-- Requirement --
I'd like an exact copy of every line from the start of the entries below through the line containing "per prodotti elettronici.", please.

Excerpted records section start

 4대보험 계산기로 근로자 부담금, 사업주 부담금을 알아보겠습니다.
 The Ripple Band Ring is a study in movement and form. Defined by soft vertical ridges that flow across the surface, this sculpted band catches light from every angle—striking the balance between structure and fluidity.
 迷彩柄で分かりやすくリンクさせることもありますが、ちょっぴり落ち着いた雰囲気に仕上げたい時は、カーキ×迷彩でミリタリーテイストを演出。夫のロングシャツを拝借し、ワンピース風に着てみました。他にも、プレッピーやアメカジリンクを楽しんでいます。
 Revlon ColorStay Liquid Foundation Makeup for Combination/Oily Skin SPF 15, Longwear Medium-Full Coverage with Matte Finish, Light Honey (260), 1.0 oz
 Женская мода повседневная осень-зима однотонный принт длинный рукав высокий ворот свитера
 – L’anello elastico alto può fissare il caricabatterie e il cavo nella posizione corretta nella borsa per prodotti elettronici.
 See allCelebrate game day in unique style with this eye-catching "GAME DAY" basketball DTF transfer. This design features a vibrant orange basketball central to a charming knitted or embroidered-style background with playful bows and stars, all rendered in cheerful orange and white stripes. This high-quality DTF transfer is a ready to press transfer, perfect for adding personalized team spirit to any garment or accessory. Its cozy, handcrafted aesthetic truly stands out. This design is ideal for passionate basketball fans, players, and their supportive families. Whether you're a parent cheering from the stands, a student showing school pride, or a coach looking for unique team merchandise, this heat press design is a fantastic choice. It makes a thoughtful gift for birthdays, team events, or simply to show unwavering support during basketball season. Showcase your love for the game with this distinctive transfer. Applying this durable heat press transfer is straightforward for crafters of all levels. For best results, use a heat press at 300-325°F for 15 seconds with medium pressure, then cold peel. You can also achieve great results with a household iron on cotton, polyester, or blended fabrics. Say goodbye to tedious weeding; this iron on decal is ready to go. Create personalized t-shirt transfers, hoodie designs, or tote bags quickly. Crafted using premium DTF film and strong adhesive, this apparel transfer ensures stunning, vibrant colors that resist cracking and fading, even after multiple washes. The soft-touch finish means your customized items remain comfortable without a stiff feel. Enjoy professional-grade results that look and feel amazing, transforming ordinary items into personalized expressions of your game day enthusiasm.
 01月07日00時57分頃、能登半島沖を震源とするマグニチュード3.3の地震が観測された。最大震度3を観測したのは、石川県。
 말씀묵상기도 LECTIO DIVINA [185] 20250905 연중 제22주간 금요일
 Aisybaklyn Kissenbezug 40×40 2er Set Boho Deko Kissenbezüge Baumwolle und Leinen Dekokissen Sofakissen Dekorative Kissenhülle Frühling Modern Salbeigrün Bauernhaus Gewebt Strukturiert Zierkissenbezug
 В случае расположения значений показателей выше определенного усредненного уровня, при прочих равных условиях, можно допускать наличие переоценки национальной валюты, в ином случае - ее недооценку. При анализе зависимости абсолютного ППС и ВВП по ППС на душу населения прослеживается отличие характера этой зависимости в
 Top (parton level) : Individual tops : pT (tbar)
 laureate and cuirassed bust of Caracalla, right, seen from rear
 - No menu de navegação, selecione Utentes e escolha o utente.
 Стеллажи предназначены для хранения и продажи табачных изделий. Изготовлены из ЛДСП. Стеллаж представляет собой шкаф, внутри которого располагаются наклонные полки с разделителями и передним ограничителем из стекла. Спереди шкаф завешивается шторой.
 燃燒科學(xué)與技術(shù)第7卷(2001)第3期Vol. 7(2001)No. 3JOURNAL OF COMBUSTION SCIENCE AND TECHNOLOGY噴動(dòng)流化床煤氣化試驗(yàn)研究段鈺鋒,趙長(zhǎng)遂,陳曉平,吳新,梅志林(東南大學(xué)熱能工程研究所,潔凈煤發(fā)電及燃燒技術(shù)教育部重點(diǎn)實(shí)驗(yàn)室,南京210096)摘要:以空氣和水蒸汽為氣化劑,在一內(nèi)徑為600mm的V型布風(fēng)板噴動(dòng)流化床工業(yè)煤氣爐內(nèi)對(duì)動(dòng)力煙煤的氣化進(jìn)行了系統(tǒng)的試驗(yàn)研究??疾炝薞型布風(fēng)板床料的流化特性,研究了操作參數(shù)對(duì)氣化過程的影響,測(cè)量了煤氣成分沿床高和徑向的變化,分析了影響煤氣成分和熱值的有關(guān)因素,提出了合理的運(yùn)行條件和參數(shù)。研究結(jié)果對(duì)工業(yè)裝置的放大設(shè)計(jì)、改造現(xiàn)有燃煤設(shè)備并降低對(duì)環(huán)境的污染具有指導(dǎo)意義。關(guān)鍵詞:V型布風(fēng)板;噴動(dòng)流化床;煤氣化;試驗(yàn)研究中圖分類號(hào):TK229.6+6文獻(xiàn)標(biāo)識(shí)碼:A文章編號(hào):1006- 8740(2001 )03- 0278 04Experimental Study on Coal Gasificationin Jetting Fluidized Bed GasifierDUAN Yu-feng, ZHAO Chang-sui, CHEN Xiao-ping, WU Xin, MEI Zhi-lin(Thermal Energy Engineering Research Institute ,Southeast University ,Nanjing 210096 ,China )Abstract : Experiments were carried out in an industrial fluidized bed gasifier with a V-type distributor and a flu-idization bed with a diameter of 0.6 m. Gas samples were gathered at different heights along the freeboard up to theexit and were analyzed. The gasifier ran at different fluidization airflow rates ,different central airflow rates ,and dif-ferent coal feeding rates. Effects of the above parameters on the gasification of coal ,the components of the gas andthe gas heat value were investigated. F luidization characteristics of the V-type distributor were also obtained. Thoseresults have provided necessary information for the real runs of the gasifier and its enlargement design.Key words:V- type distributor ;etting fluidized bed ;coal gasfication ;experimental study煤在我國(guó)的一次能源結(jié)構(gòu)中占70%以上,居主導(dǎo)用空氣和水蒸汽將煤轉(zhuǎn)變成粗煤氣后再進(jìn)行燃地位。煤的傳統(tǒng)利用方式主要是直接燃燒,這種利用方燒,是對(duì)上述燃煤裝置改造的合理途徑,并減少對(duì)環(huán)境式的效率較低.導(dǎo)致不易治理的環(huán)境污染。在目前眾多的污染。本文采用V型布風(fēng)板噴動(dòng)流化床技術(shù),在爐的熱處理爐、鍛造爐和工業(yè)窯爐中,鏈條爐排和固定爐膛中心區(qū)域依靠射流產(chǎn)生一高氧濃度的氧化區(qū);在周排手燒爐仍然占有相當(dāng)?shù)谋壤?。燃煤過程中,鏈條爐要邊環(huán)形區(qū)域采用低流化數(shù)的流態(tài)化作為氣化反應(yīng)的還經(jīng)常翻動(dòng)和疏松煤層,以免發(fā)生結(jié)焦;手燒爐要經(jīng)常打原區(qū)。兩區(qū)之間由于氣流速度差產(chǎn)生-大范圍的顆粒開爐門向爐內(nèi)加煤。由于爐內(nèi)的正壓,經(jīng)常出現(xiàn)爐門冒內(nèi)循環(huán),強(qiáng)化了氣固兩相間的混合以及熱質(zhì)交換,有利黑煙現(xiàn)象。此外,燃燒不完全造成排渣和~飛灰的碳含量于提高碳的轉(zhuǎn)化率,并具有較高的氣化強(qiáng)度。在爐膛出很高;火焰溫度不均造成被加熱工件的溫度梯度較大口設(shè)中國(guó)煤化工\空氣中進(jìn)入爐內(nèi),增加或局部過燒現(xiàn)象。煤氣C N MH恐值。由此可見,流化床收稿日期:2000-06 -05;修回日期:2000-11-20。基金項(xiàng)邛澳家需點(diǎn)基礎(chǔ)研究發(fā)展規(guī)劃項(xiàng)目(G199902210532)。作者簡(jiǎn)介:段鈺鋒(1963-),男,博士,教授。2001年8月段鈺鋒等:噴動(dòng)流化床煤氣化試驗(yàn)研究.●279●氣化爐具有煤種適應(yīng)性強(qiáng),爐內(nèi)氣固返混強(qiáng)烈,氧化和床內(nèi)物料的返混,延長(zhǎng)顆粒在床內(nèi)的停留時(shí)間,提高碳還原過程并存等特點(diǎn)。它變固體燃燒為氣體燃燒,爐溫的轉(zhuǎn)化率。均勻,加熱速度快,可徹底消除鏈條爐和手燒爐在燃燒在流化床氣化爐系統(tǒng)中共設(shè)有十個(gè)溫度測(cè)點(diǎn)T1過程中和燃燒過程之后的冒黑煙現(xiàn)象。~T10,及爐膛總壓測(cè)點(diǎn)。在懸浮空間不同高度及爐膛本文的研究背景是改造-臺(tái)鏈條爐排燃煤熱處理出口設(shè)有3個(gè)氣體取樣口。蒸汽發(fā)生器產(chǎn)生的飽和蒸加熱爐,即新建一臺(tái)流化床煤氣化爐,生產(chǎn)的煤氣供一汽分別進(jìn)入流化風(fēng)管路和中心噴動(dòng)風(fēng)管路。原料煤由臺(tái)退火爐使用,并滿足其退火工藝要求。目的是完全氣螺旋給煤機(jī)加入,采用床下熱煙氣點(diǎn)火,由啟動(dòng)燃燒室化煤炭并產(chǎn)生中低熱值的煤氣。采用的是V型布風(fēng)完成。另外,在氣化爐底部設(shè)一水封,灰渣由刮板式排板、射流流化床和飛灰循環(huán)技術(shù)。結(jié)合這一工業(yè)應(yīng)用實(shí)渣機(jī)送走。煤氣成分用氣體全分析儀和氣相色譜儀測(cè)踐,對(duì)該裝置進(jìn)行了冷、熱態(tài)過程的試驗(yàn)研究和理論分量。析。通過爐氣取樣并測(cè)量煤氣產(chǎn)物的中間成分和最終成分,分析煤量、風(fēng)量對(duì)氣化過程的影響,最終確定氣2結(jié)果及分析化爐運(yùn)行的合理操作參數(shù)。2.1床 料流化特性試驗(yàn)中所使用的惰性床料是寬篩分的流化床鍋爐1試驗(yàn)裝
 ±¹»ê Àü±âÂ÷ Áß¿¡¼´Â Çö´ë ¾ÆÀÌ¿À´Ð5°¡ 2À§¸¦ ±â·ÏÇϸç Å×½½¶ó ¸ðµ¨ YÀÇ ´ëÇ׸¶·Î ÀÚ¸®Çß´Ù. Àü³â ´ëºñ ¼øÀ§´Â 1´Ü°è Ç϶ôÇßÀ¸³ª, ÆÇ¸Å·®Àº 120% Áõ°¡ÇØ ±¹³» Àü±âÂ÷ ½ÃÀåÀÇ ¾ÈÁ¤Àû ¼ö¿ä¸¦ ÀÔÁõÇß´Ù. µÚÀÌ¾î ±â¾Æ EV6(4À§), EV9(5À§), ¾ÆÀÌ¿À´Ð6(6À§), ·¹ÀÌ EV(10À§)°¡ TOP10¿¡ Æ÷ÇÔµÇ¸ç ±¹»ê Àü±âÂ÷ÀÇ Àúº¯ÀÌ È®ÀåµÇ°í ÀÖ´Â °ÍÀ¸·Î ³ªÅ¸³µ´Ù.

Excerpted records section end

-- Reply --
 4대보험 계산기로 근로자 부담금, 사업주 부담금을 알아보겠습니다.
 The Ripple Band Ring is a study in movement and form. Defined by soft vertical ridges that flow across the surface, this sculpted band catches light from every angle—striking the balance between structure and fluidity.
 迷彩柄で分かりやすくリンクさせることもありますが、ちょっぴり落ち着いた雰囲気に仕上げたい時は、カーキ×迷彩でミリタリーテイストを演出。夫のロングシャツを拝借し、ワンピース風に着てみました。他にも、プレッピーやアメカジリンクを楽しんでいます。
 Revlon ColorStay Liquid Foundation Makeup for Combination/Oily Skin SPF 15, Longwear Medium-Full Coverage with Matte Finish, Light Honey (260), 1.0 oz
 Женская мода повседневная осень-зима однотонный принт длинный рукав высокий ворот свитера
 – L’anello elastico alto può fissare il caricabatterie e il cavo nella posizione corretta nella borsa per prodotti elettronici.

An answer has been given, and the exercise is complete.